During the initial annealing stages (V = 0), two processes occurred simultaneously: (1) the grains of the initial (primary-phase) polycrystal coarsened, and (2) inclined grain boundaries migrated toward the solid-liquid interface in the direction of the gradient axis (temperature gradient zone melting or TGZM process^1,2,79). Figure 6 shows an example of how PCG formed during solidification. At the moment the pulling velocity was set to V = 0.11 µms⁻¹, the α polycrystal was made of elongated grains (as in Fig. 6a). After a certain time of pulling, an elongated crystal (blue band in Fig. 6b) was observed to grow close to the back wall. We could get evidence that this new crystal appeared at the interface at a time when the temperature of the front was below the peritectic temperature and was identified as being of the peritectic phase β. It propagated in the thickness of the sample while leaving some α crystals growing simultaneously (red patches in Fig. 6c). In other words, the two (primary and peritectic) phases were observed to grow in a coupled way. This is, to the best of our knowledge, the first real-time observation of a transient solidification regime leading to PCG.

Fig. 6: Peritectic coupled growth.

Formation of PCG during directional solidification of a near-peritectic TRIS-51 mol%NPG alloy in microgravity (TA instrument, ISS). The side-view images were taken with middle focus except for the insets, which were taken with front focus. The photograph in (a) was taken 1.5 h after a pulling velocity of 0.11 µms⁻¹ was activated. The snapshots in panels (a–f) were evenly spaced in time, with a time interval of 1 h.
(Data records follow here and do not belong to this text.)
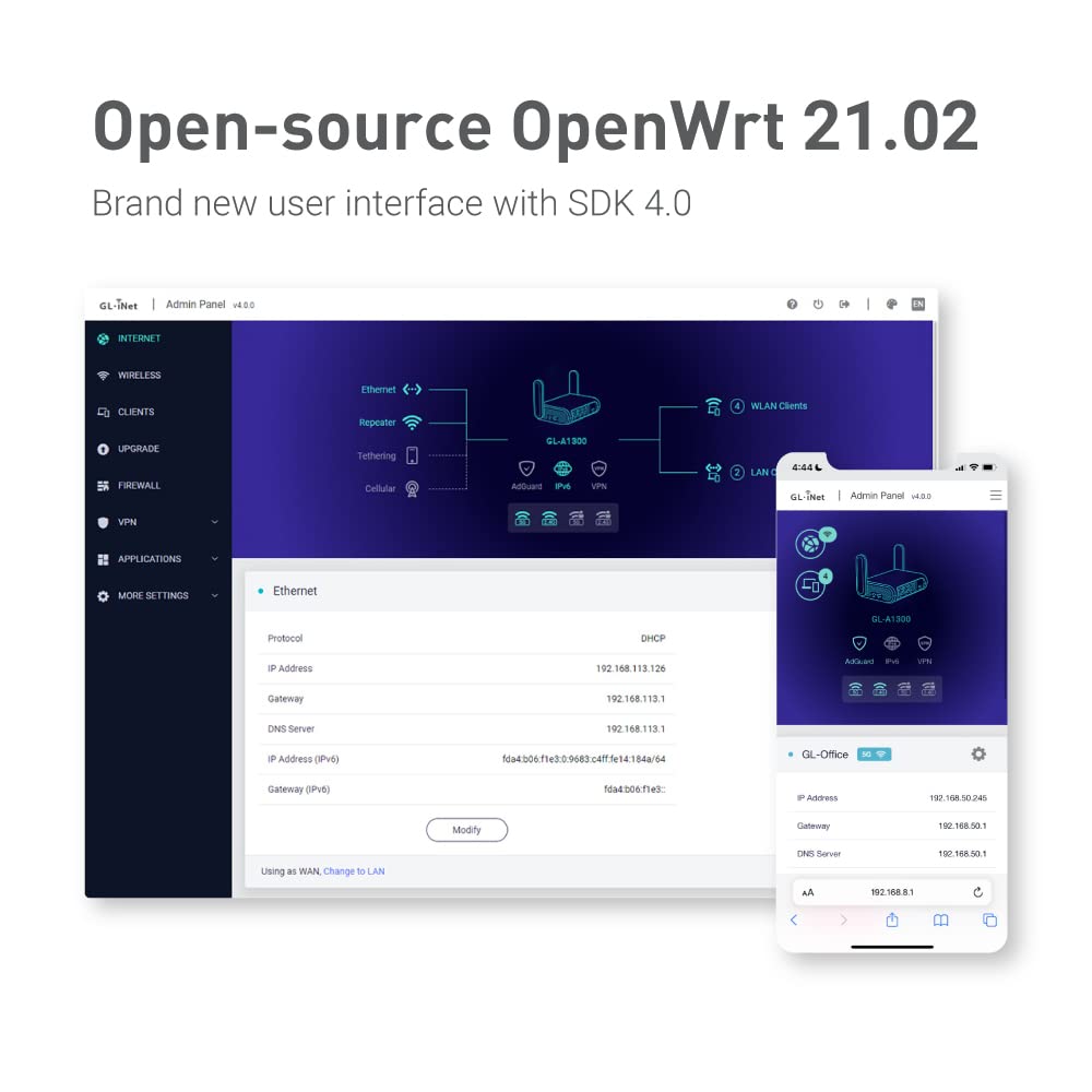 Gl.Inet Gl-A1300 (Slate Plus) Wireless Vpn Encrypted Travel Router- Easy To Setup, Connect To Hotel Wifi & Captive Portal, Phone Tethering, Range Extender, Assess Point, Pocket-Sized, Open Source, Nas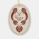 Oval Christmas ornament featuring an elegant retro style heart, deeply red against a background of ivory. As the heart picture is transparent the ivory background can be changed to any colour that you like.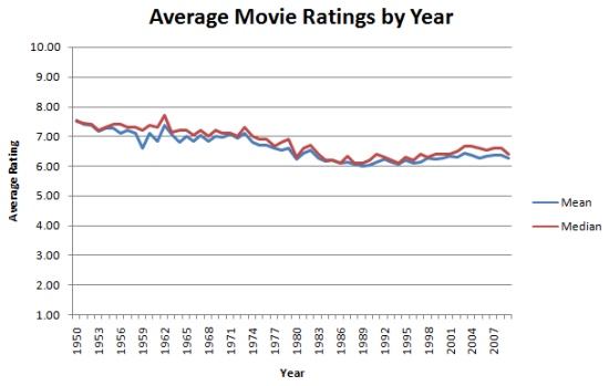 Nathaniel Johnson has taken a look at the IMDb user ratings of the movies released theatrically over the last 60 years to see whether there is a trend in their perceived quality over time.Bruce Greenwood and David Walliams have joined the Steve Carell, Zach Galifianakis and Paul Rudd comedy Dinner for Schmucks, which Jay Roach is directing. [variety]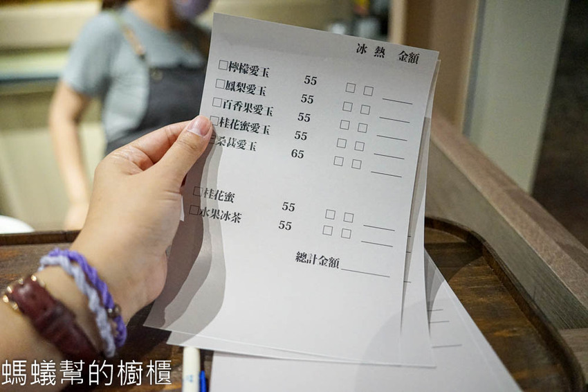朋友點了檸檬愛玉55、我點桂花蜜愛玉55。到櫃檯點餐後結帳,再到櫃台自取愛玉喔。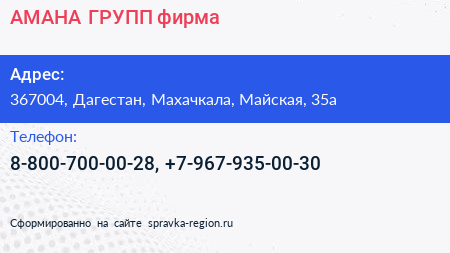 АМАНА ГРУПП, фирма по адресу 367004, Дагестан, Махачкала, Майская, 35а в дальнейшем Организация, размещена в следующих категориях: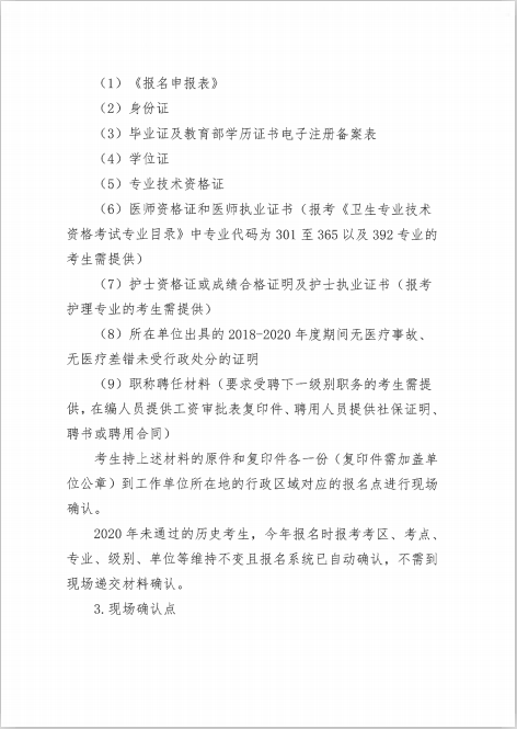 2021年全國衛(wèi)生資格考試現(xiàn)場確認時間、地點、資料匯總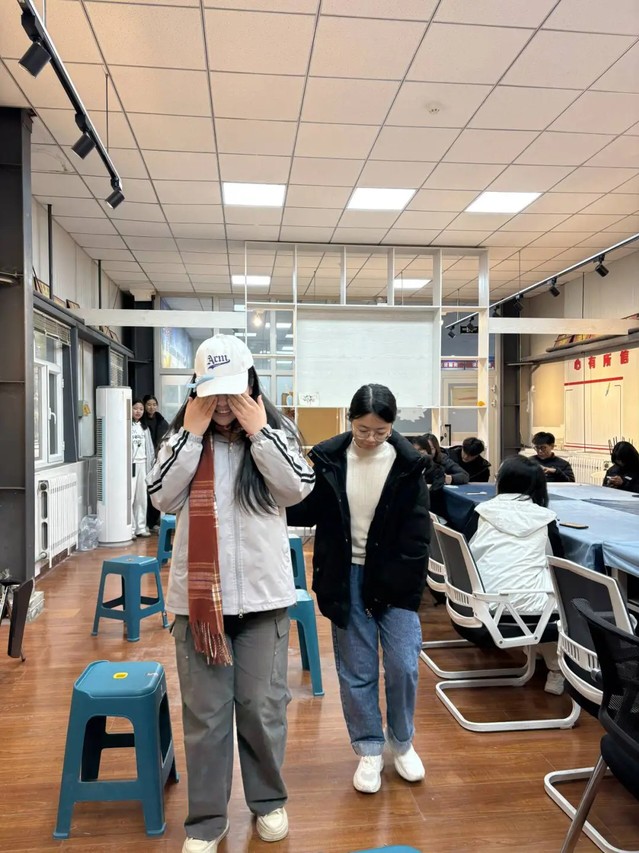 “以德育心·信任同行”站,一位同学通过轻拍肩膀的方式引导另一位蒙眼的同学跨越障碍,抵达终点。在引导者的悉心指引与蒙眼者的默契跟随中,责任与信赖悄然萌芽。掌心传递的温度,脚步的协调节奏,交织成无声的默契语言。原来,被信任是一种沉甸甸的托付,而信任则是勇敢前行的坚实力量。
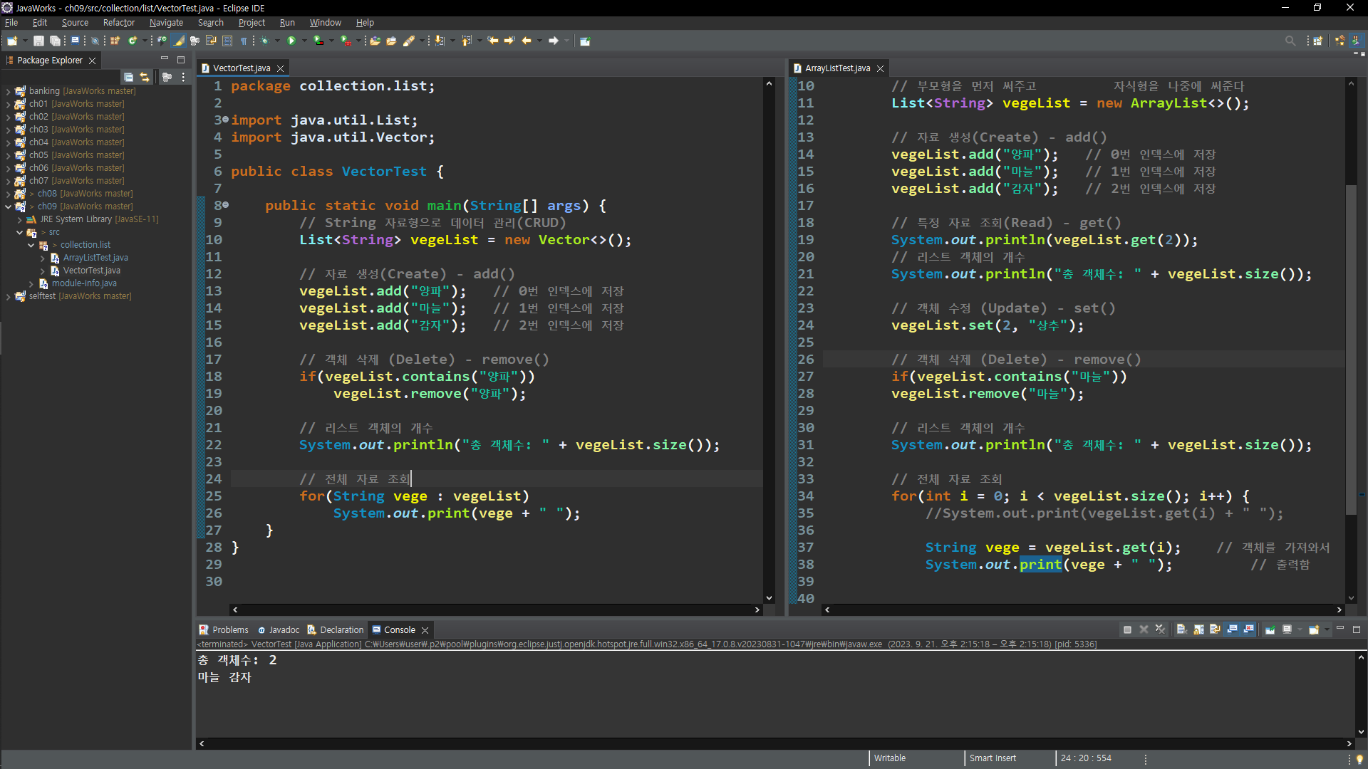 vector = 멀티쓰레드로 작업할 때 사용 -> 안전하게 객체를 추가, 삭제할 수 있음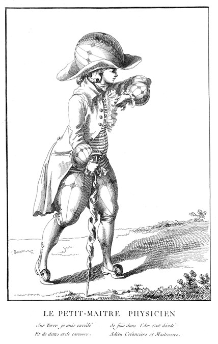 Сатирическое изображение модного, франтоватого ученого-самоучки. Этот «физик» собирается улететь от кредиторов и любовниц, прямо в своем напоминающем воздушный шар костюме.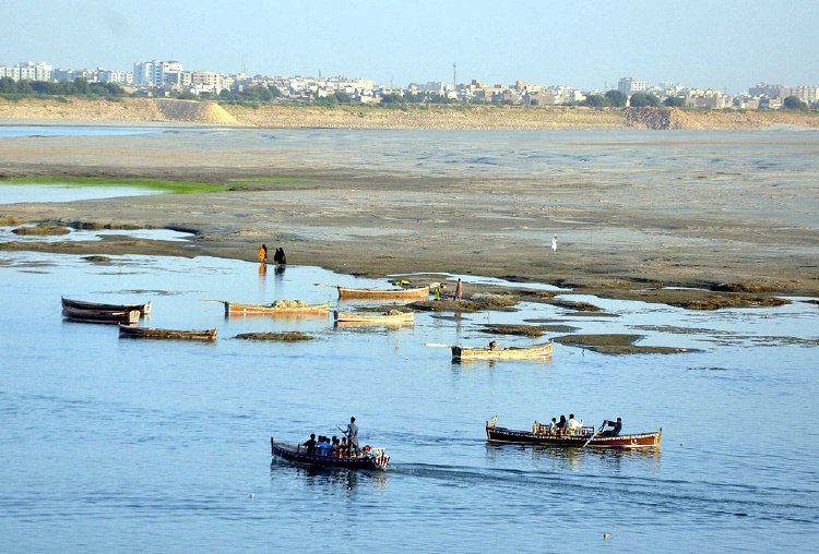 当地时间2025年4月24日,巴基斯坦海德拉巴,库特里水坝附近的印度河干涸,水位下降,显示出未来缺水的高风险。视觉中国 图

An interesting morphological evolution from large rods to lamellae (possibly drifting or with a zigzag shape) was observed (Fig. 6c–f). This occurred while the front was recoiling toward lower temperatures along the temperature gradient axis. The change of the microstructure in the solid can also be noted in the last image (Fig. 6f). During the following stages (not shown), a decrease of the α phase fraction was observed until complete disappearance. Thus, in brief, during the recoil of the solidification front, we observed a transition from α-phase to β-phase growth via a transient α-β PCG regime. A more accurate analysis of the recoil of the front still remains to be made. It obviously corresponds to an unsteady solute redistribution process, which might involve impurity pile-up, a plausible large-scale composition gradient in the cartridge, and a possibly temperature-dependent solute diffusion coefficient in the liquid⁸⁰. Nevertheless, the actual solidification dynamics was favorable to the occurrence of a PCG sequence in the course of a long-lasting recoil of the solidification front.

The front recoil complicates the theoretical analysis of PCG. In fact, similarly to what was observed in ground experiments on Cu-Zn^81,82, PCG is initiated before the solute boundary layer has fully built up. Further evolution of this layer over time therefore creates growth conditions for the coupled-growth structure that vary on a slow time scale and ultimately leads to the termination of PCG in the present experiments. This non-steady nature is a general feature of PCG in alloys with large solidification intervals. Regarding the initiation of coupled growth, in comparison to eutectic coupled growth, there are both similarities and differences. In both cases, coupled growth is initiated starting from single-phase growth when the second phase emerges at the front, either by nucleation or by growth from a seed deep within the solid. In eutectics, coupled growth emerges either by the instability of a finger of the second phase that propagates along the front⁸³ or by the immediate emergence of a two-phase pattern⁸⁴, and the initial spreading of the two-phase pattern is followed by coarsening. For the transparent peritectic system studied here, the dynamics of initiation is rather slow, and the structure refines rather than coarsens after its emergence. This mechanism for the emergence of peritectic growth is very different from the successive nucleation and overgrowth that has been postulated for Fe-Ni in previous works⁸⁵.

To make further progress, the dynamics of the transient leading to PCG needs to be studied in a more systematic way. This will certainly also shed new light on the question of which alloys and under which conditions PCG can occur. Three-dimensional phase-field simulations of peritectic growth would be very useful to supplement the experiments.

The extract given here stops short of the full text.